At first, I thought it was because so many people were using it that it that the costs for maintaining it became too high, but now it seems like not enough people were using it. Considering that Immersion used to be DuoLingo prime selling point, having 0.05% of your users using it bring financial ruin to your company seems odd.
Then again, I'm just bitter because I miss this feature too much. Right now I just hope something cool will replace it so that we can still practice reading skills.
He justified it in part based on their porting the entire site do a different software architecture to very significantly increase access speeds. Having to do all that coding work for the Immersion system would have added substantially to the costs in doing so. If Immersion had had a bigger user base, undoubtedly it wouldn't have gotten the axe. User engagement is web companies' currency. If Immersion had taken off, they never would have stopped developing it.
Unfortunately, people didn't realize what an amazing tool it was: I think even better for the languages that didn't have it than those that did. Finishing a Romance language tree, heading to Readlang and reading authentic texts is at least somewhat possible. For a Russian, a Hungarian, or a Hebrew more handholding is definitely needed. But I doubt the number of people who manage to finish such trees is enough to make much of a market :( Really, the problem is that I don't think the number of people who even make it to the second checkpoint of any tree at all constitute much of a market. Hence the introduction of features that are thoroughly dubious from the perspective of the experienced language learners that haunt the forums but that might increase retention among new sign-ups by a few percentage points.
Justified or not, still a bad choice. To find another tool that let us learn deeper and with creativity all the subtilities of the language, I wish him good luck for that.
Except if they make a super reading comprehension tool (but the make-your-own-sentences part will be still missing).
I read they tested a lot of things on random users the last 2 years, and nothing was working, because they abandon everything except the clubs chatbots things, so I don't think they will arrive with a super tool that is not even created, if it happens, before 2 or 3 years.

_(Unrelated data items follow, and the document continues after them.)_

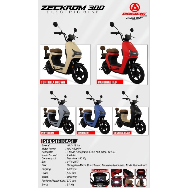 SEPEDA LISTRIK PACIFIC ZECKROM 300 500 WATT 48V / 12 AH BERGARANSI RESMI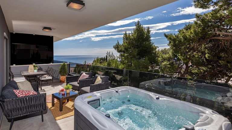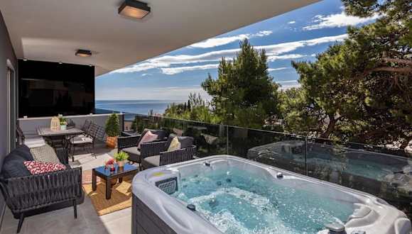 Die Deluxe Suite mit Jacuzzi und Meerblick bietet einen eindrucksvollen Blick aufs Meer und einen Balkon. Die Unterkunft verfügt über eine Terrasse und einen kostenlosen Privatparkplatz. Die Suite ist klimatisiert und ideal für bis zu zwei Personen.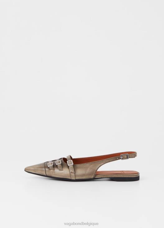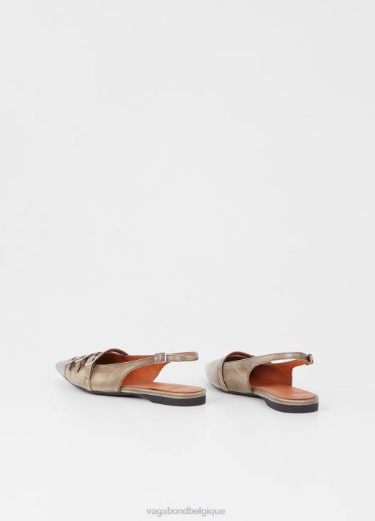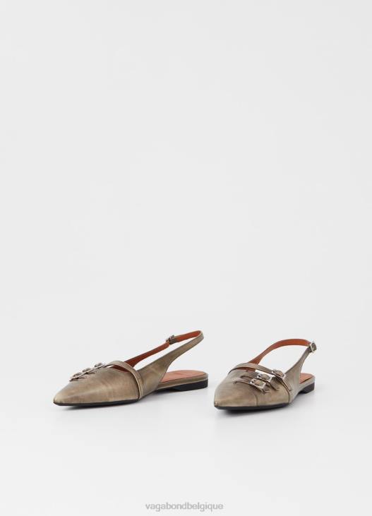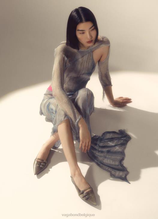 hermine, ce sont les ballerines avant-gardistes au look audacieux. le modèle est confectionné en cuir brossé grège avec des boucles argentées, un bout effilé et une bride arrière avec fermeture à boucle. les petits talons mesurent 10 mm.
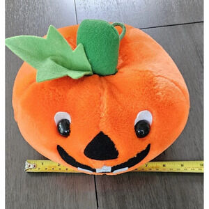 This vintage Fiesta stuffed pumpkin plush is the perfect addition to any holiday or Halloween decor. With its vibrant orange color and toothy grin, it's sure to bring a smile to anyone's face. Made in Thailand in 1989, this small (6-14 in) pumpkin is recommended for ages 4 and up.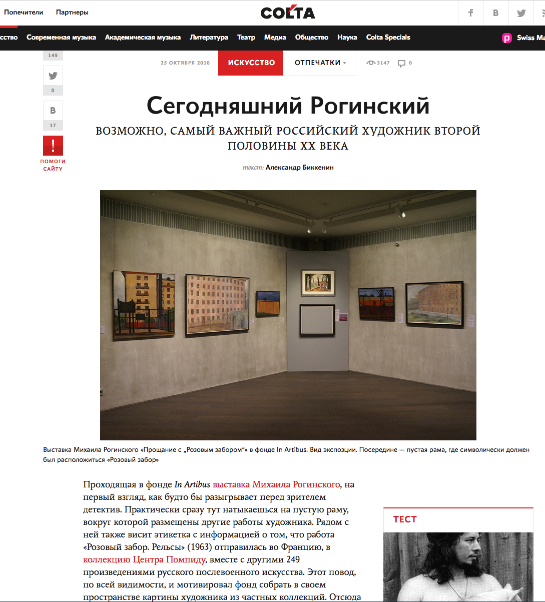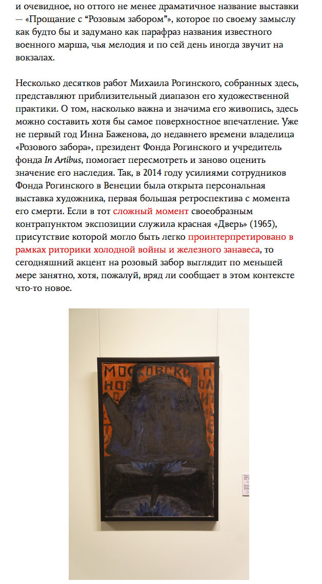 Александр Биккенин, Сегодняшний Рогинский Возможно, самый важный российский художник второй половины ХХ века , Colta, 25.10.2016, Москва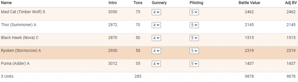 Elites is an archetype defined by a small number of very high tech units, sometimes but not always with higher skill than normal. Generally any Clan force will fall into this, as will ComStar and Word of Blake. Any mech is fair game in an Elite force, but generally mechs costing between 2000 and 3000 are most common. Thors, Mad Cats, Black Hawks, Ryokens, and other Clan Mechs are the platonic ideal of an ideal Elite mech, being fast for their weight and very heavily armed with incredibly good weapons. These sorts of forces can load up with slow assault mechs and try to win just on firepower alone, but generally they are much stronger if every mech is in the 5/8 or 6/9 movement bracket, as this gives them great mobility, and their high tech lets them move that fast and still carry a ton of gun.
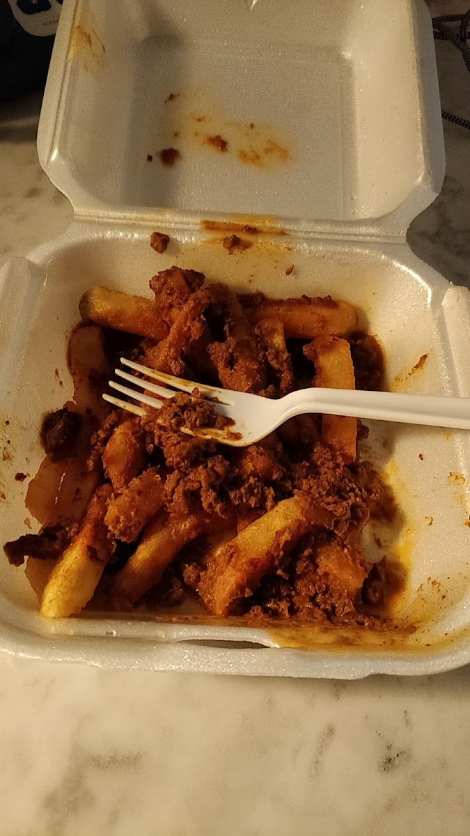 Stopped for chili cheese fries and a Coney for my brother, on a late weekend night. It was busy, but there's plenty of seats to relax while you wait for your food. The portions are large, so you'll leave with a full tummy. I did. Tasty stuff too. The crowd mixed well and was made up of what appeared to be some university students having a night out and some that appeared more like members of a gang. As a newbie to this place, I was grateful when a stranger told me to be careful with wearing my red handkerchief in my back pocket, so as not to appear to be in a gang. So I tucked it in down fully in the pocket and thanked him for the advice. That was a very kind thing for him to look out for me that way. As a old white guy in a country style outfit, I doubt anyone in their right mind would think I might be in a local gang. Regardless, it's nice when locals say something to help visitors enjoy themselves safely. I ordered too much food, but it was all so good. Special shout out for the variation of chilli cheese fries they offer with bacon bits, chilli and cheese. That was spectacular!
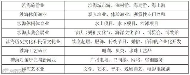 海洋文化产业是指“从事涉海文化产品生产和提供涉海文化服务的行业”。它包含的细分产业也非常繁杂。引用《广东海洋文化产业》一书中的分类,主要覆盖以下产业内容: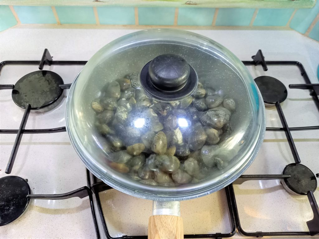 • Mientras las almejas se abren, su líquido está goteando en el agua del vaso, sazonándolo todo.

I feel they don't tell us the truth. It's not about server ressources or the popularity of the tool, it's about the fact that immersion brough no money, and this site needs money to go on.
Obviously I, too, lament the departure of Immersion. I think one of Duo's big efforts is figuring out how to increase translations into target language while still maintaining users. I don't blame Duo for finding this a difficult balance. I blame the lackadaisical users who leave if they're challenged.
Audio is one of the big problems for small and endangered languages (scripts is the other one). Usually we cannot find a TTS engine for them (i.e. computer audio), so we have to manually record the voices, which requires quite a lot of effort.
We'll be working on 4-5 smaller languages this year, but there are over 6,000 languages in the world, so we won't have the resources to make a big dent any time soon.